Being a girl who coded in 1984 shaped my career

Here’s what I got wrong and right about that time

It wasn’t until many years later did I realize how amazing it was that I took coding in 1984 at De Anza College in Cupertino which we today refer to as the heart of Silicon Valley, or certainly its birthplace. It wasn’t called that then. It was just De Anza College on Stevens Creek Boulevard. They had a lot of interesting classes so I took everything from art history to economics to programming. We already had a lot of tech companies and I was aware of these new “PC” computers and coding languages. My father was an engineer at Sylvania so we often talked about tech. And my Bay Area high school offered a solid math and science curriculum that all students participated in.

So it wasn’t amazing that I took coding in 1984 because I was a girl. In fact, I don’t recall being very different. De Anza College was a two year college that attracted a pretty progressive and diverse lot. Steve Jobs himself attended in the 70’s which was why he wanted to announce the Apple Macintosh at De Anza’s Flint Center in January of 1984. I started out taking FORTRAN and we coded with punch cards. Most anyone today would have no idea what I mean! You actually compiled the stack of punch cards. Pretty crazy thinking of it now. I was excited to try out the new computer lab so eagerly signed up for the Apple BASIC lab. I loved the problem solving part of it and did well in my classes.

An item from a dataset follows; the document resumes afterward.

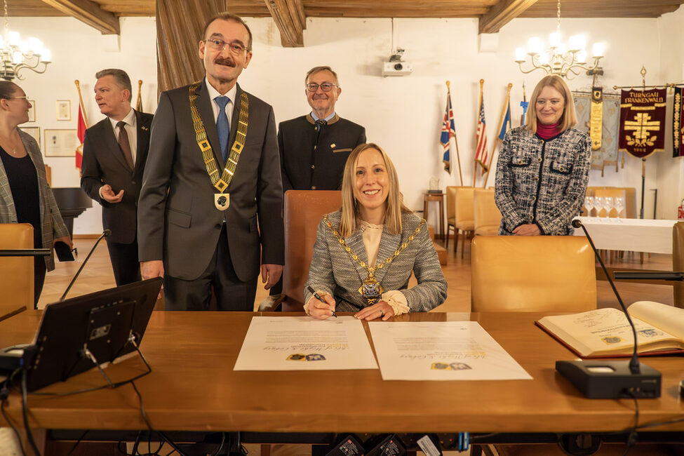 Seit 40 Jahren verbindet die Stadt Coburg und die Isle of Wight eine lebendige Freundschaft. Grund, gemeinsam zu feiern. Im Frühling besuchte eine Delegation aus Coburg die Isle of Wight und nun waren die Briten zu Besuch in der Vestestadt. Bei dieser Gelegenheit trugen sich Councillor Claire Chritchison und andere Mitglieder der Delegation in das Goldene Buch der Stadt Coburg ein.

That’s when I missed the big signal all together, the market trend, the opportunity. I decided that coding wasn’t for me. It seemed like a solo activity and I wanted a career that was more people-focused. Pretty ironic how much “code” I use today but we’ll get to that in a minute. I had no real idea of the magnitude of what was happening in technology at that time and how big this “coding thing” would be. That mistake in mis-reading the market was something I vowed to do better at later in my career. Meanwhile, I moved south to the beach and took economics. Honestly, there was a lot of the same math and logic process involved. This is where I got it right. It was about those “math” problem solving and logic flow skills that stayed with me and shaped my career. Today I find it handy to be able to decode some HTML or be able to quickly figure out email workflow.

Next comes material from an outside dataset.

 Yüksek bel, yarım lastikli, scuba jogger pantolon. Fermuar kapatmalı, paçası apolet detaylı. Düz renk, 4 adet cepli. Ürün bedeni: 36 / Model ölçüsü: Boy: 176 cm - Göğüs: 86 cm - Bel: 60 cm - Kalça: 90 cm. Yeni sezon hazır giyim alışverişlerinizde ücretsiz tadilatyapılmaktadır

Not only does that coding logic base help me build marketing workflows, it helped me better understand technology itself like neural networks and artificial intelligence. Understanding those things made me a better tech marketer. I’ve long said, no, you don’t have to be a coder to sell technology, but understanding it does help.

The other lesson I took away from my 1984 experience was to be a lot more observant macro trends and market opportunities. I’ve been fortunate to do early work in telecom with some of the first smart phones, in AI with some of the first broadly applied neural networks, and in the Internet of Things. So the good news is that girl who codes is still in there, adopting new technology and building those workflows.